> _What the task asks_
Give again, word for word, each line of the data from the first through the one containing "Confectionné dans un". Pictures stay out.

> _Source material_
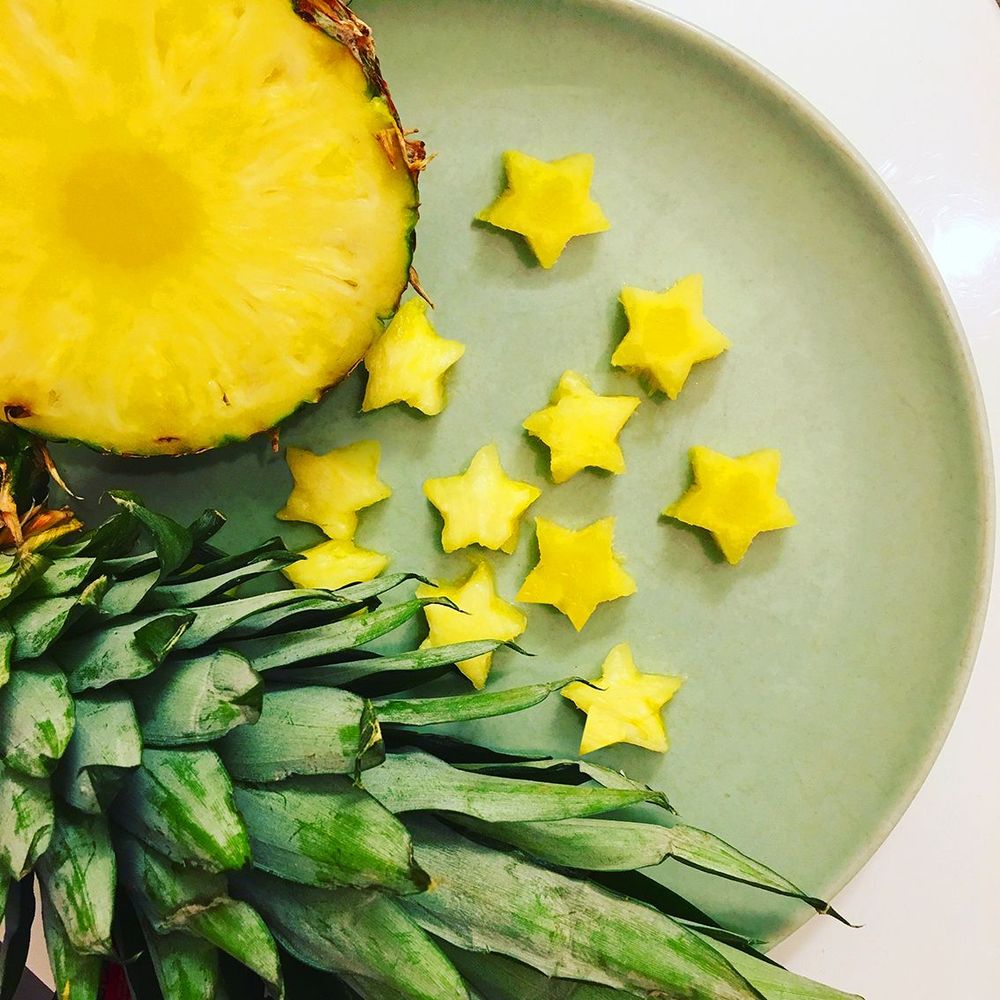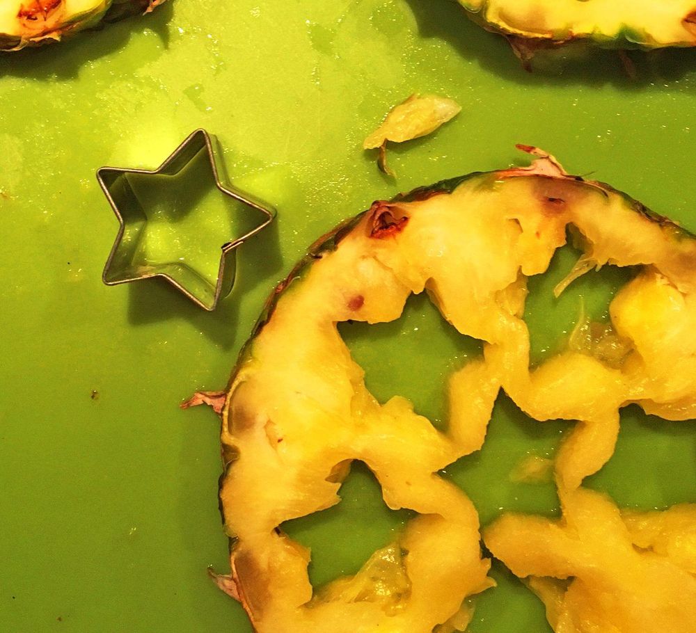 Skär ca 1 cm tjock skiva av ananasen och stansa ut fina små stjärnor.
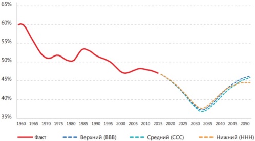 Рис. 2. Доля населения в возрасте 20–39 лет в населении 20–64 лет. 1960–2050 гг., с 2017 г. — три варианта прогноза[3]
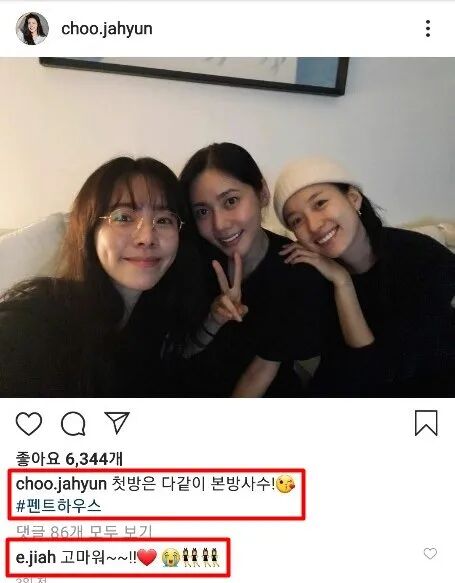 左右滑动可查看更多此前李智雅主演的新剧开播后,她的好友秋瓷炫在INS上传了一张和韩志旼、韩孝周的合照,并配文“首播大家一起死守本放”为好姐妹李智雅的新剧《顶楼》加油支持,随后李智雅在下方留言道“谢谢~~!!”。
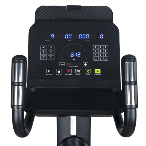 CardioPower X50 – переднеприводной эллиптический тренажер для тренировок в домашних условиях. Выполнен в футуристическом дизайне и обладает великолепной эргономикой. Наклонная конструкция рамы обеспечивает комфорт тренировки и правильную траекторию движения. Рама тренажера выполнена из усиленного стального профиля, что гарантирует высокую надежность и возможность использования людьми с массой тела до 150 кг. Маховик весом в 25 кг. обеспечивает плавное, комфортное движение без рывков и остановок, а шаг в 51 см. является оптимальным для эффективной тренировки мышц ног и ягодиц и подойдет пользователям ростом до 2 м. Консоль тренажера имеет удобное и интуитивно понятное управлением, возможность быстрого выбора программ, цифровую клавиатуру, а также быстрый доступ ко всем функциям тренажера. CardioPower X50 обеспечивает высокий уровень комфорта и безопасности тренировки.
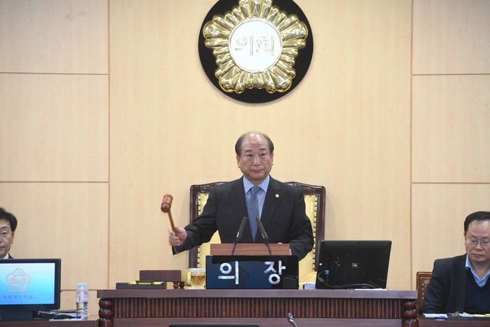 | ▲ 윤준용 의장이 정례회 폐회를 알리고 있다. (사진제공=영등포구의회) |
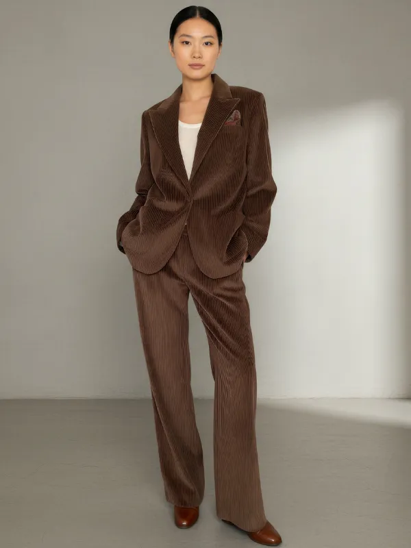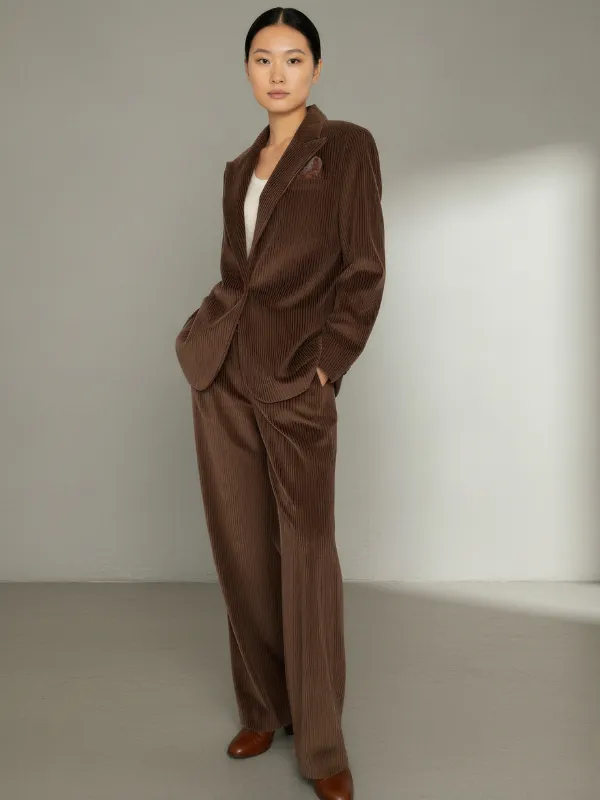 Confectionné dans un velours côtelé souple, le tailleur MARVIN offre un tombé fluide tout en conservant une belle structure. La matière capte la lumière avec subtilité et accompagne les mouvements du corps avec aisance, pour un confort qui ne sacrifie jamais le style.
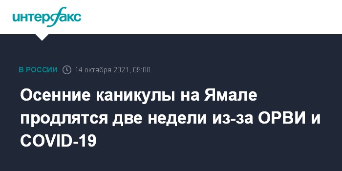 Москва. 14 октября. INTERFAX.RU - Осенние каникулы для школьников в Ямало-Ненецком автономном округе увеличили до двух недель из-за эпидемиологической ситуации, сообщает в четверг региональный оперштаб.
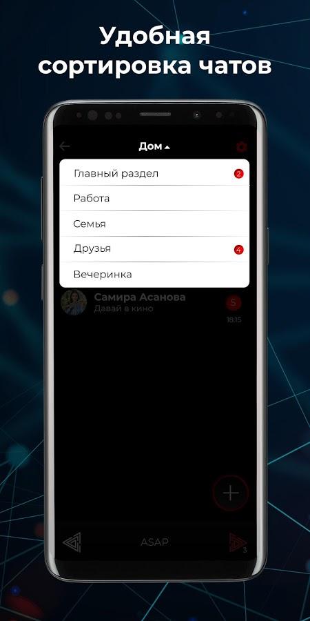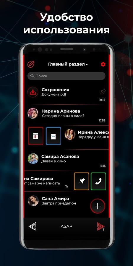 in order to make the device work more progressively and smoothly, you need to combine some own and third-party applications using the platform SFERA project. Collection of 20 various updated services vzaimodeistvuet with the best third party programs. Check the bound phone number and email account are required. Identification occurs by a single ID. Communicative functions interacting with each other by different sub-applications provides built-in secure messenger ASAP with the ability to sort chats and contacts, add your own categories and sections, a display of the hidden correspondences.
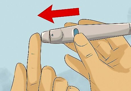 Test your blood sugar with a blood sugar meter. To test your blood sugar, begin by washing your hands. You're creating a small puncture wound, so you want to be as clean as possible! Turn your meter on and insert a test strip if that's how your meter works. Use the lancet to puncture the side of your fingertip, drawing up a drop of blood. Place the drop on the test strip and wait for your meter to read it. You can squeeze your finger a bit if you're not getting enough blood. Some older meters require that you put the blood on the strip before inserting it into the meter. Typically, you want your results to be 70 mg/dl to 100 mg/dl before a meal and under 140 mg/dl after a meal. However, talk to your doctor about your target range.

> _Reply to the exercise_
 Skär ca 1 cm tjock skiva av ananasen och stansa ut fina små stjärnor.
 Рис. 2. Доля населения в возрасте 20–39 лет в населении 20–64 лет. 1960–2050 гг., с 2017 г. — три варианта прогноза[3]
 左右滑动可查看更多此前李智雅主演的新剧开播后,她的好友秋瓷炫在INS上传了一张和韩志旼、韩孝周的合照,并配文“首播大家一起死守本放”为好姐妹李智雅的新剧《顶楼》加油支持,随后李智雅在下方留言道“谢谢~~!!”。
 CardioPower X50 – переднеприводной эллиптический тренажер для тренировок в домашних условиях. Выполнен в футуристическом дизайне и обладает великолепной эргономикой. Наклонная конструкция рамы обеспечивает комфорт тренировки и правильную траекторию движения. Рама тренажера выполнена из усиленного стального профиля, что гарантирует высокую надежность и возможность использования людьми с массой тела до 150 кг. Маховик весом в 25 кг. обеспечивает плавное, комфортное движение без рывков и остановок, а шаг в 51 см. является оптимальным для эффективной тренировки мышц ног и ягодиц и подойдет пользователям ростом до 2 м. Консоль тренажера имеет удобное и интуитивно понятное управлением, возможность быстрого выбора программ, цифровую клавиатуру, а также быстрый доступ ко всем функциям тренажера. CardioPower X50 обеспечивает высокий уровень комфорта и безопасности тренировки.
 | ▲ 윤준용 의장이 정례회 폐회를 알리고 있다. (사진제공=영등포구의회) |
 Confectionné dans un velours côtelé souple, le tailleur MARVIN offre un tombé fluide tout en conservant une belle structure. La matière capte la lumière avec subtilité et accompagne les mouvements du corps avec aisance, pour un confort qui ne sacrifie jamais le style.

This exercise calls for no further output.